GIVEN DATA Start Marker
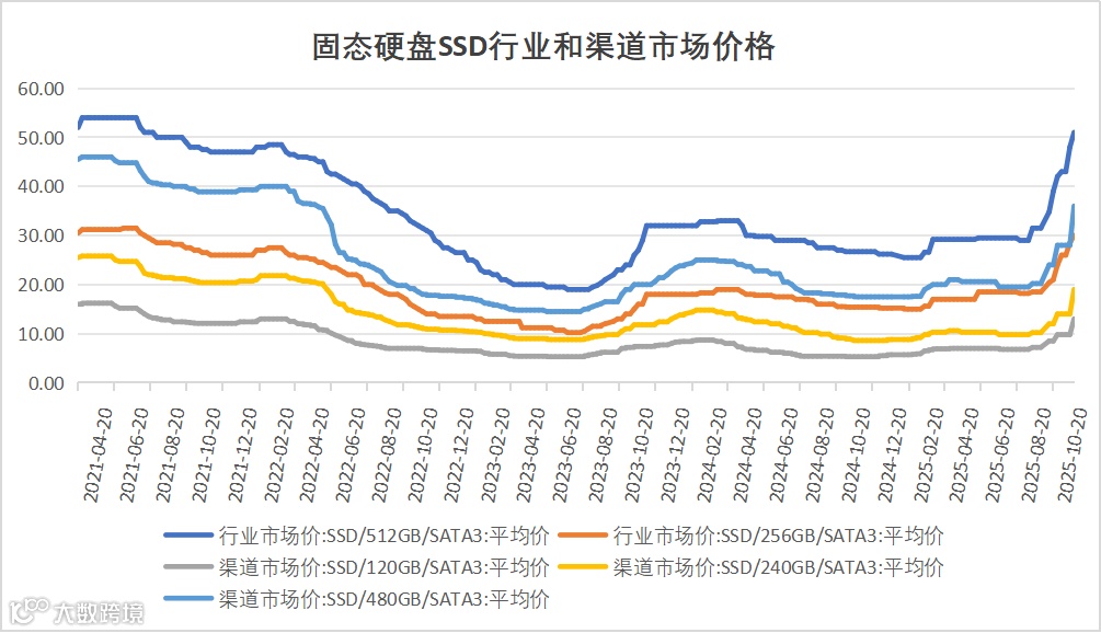 2025年11月24日固态硬盘SSD行业和渠道市场价格较两个月前有所波动:行业市场价:SSD/512GB/SATA 3的均价为51美元,较两个月前上升75.86%;行业市场价:SSD/256GB/SATA 3的均价为30美元,较两个月上升64.84%;渠道市场价:SSD/120GB/SATA 3的均价为13美元,较两个月前上升91.18%;渠道市场价:SSD/240GB/SATA 3的均价为19美元,较两个月前上升93.88%;渠道市场价:SSD/480GB/SATA 3的均价为36美元,较两个月前上升84.62%。
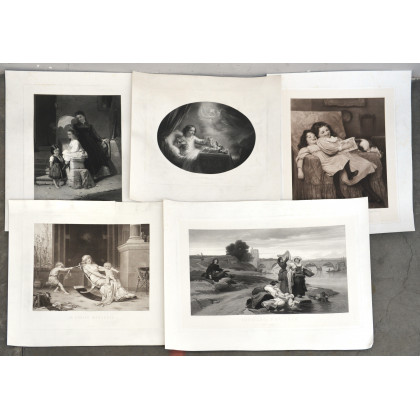 Gruppo di 5 stampe in bianco e nero, raffiguranti bambini in diverse occasioni (misure diverse) (lievi difetti).
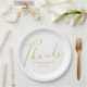 Klassische Graduierungsparty-Teller mit elegantem goldfarbigem Kalligrafieschrift und dem personalisierten Namen Ihres Absolventen auf weißem Hintergrund. Ideal für Abschlussfeiern, oder jeden besondere Anlass, wo Sie gewollt zu sagen, danke!
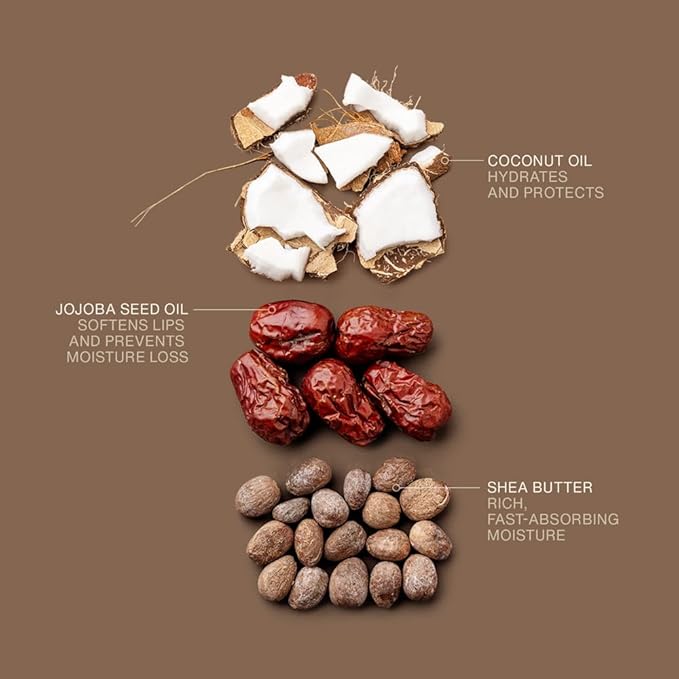 - DEEP, PLANT-POWERED HYDRATION: Our multi-use lip balm delivers deep hydration, powered by coconut oil, shea butter, and jojoba seed oil, effectively soothing dry, flaky lips.This large-sized stick is versatile, as itβs suitable for use on lips, cuticles and cheeks.
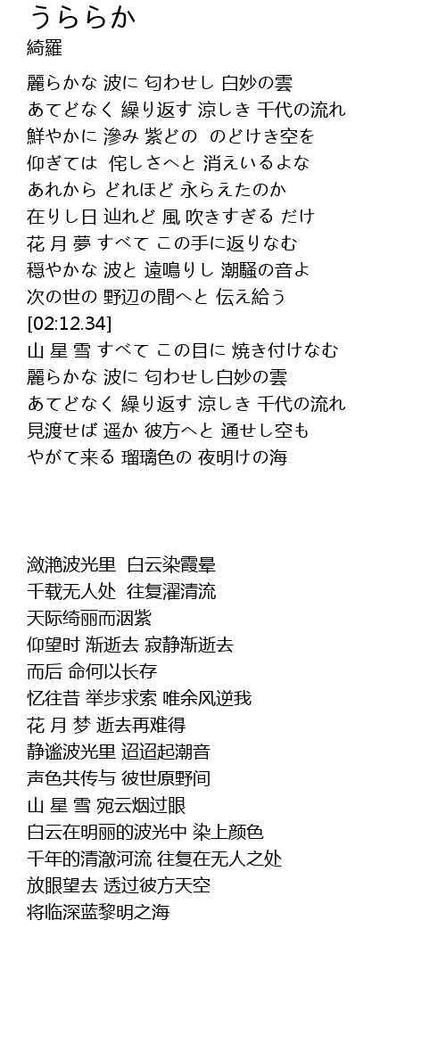 | [00:42.44] | 仰ぎては 侘しさへと 消えいるよな |
GIVEN DATA End Marker
What you give back must be the data above, reproduced exactly and free of pictures.

= COMPLETED EXERCISE =
 2025年11月24日固态硬盘SSD行业和渠道市场价格较两个月前有所波动:行业市场价:SSD/512GB/SATA 3的均价为51美元,较两个月前上升75.86%;行业市场价:SSD/256GB/SATA 3的均价为30美元,较两个月上升64.84%;渠道市场价:SSD/120GB/SATA 3的均价为13美元,较两个月前上升91.18%;渠道市场价:SSD/240GB/SATA 3的均价为19美元,较两个月前上升93.88%;渠道市场价:SSD/480GB/SATA 3的均价为36美元,较两个月前上升84.62%。
 Gruppo di 5 stampe in bianco e nero, raffiguranti bambini in diverse occasioni (misure diverse) (lievi difetti).
 Klassische Graduierungsparty-Teller mit elegantem goldfarbigem Kalligrafieschrift und dem personalisierten Namen Ihres Absolventen auf weißem Hintergrund. Ideal für Abschlussfeiern, oder jeden besondere Anlass, wo Sie gewollt zu sagen, danke!
 - DEEP, PLANT-POWERED HYDRATION: Our multi-use lip balm delivers deep hydration, powered by coconut oil, shea butter, and jojoba seed oil, effectively soothing dry, flaky lips.This large-sized stick is versatile, as itβs suitable for use on lips, cuticles and cheeks.
 | [00:42.44] | 仰ぎては 侘しさへと 消えいるよな |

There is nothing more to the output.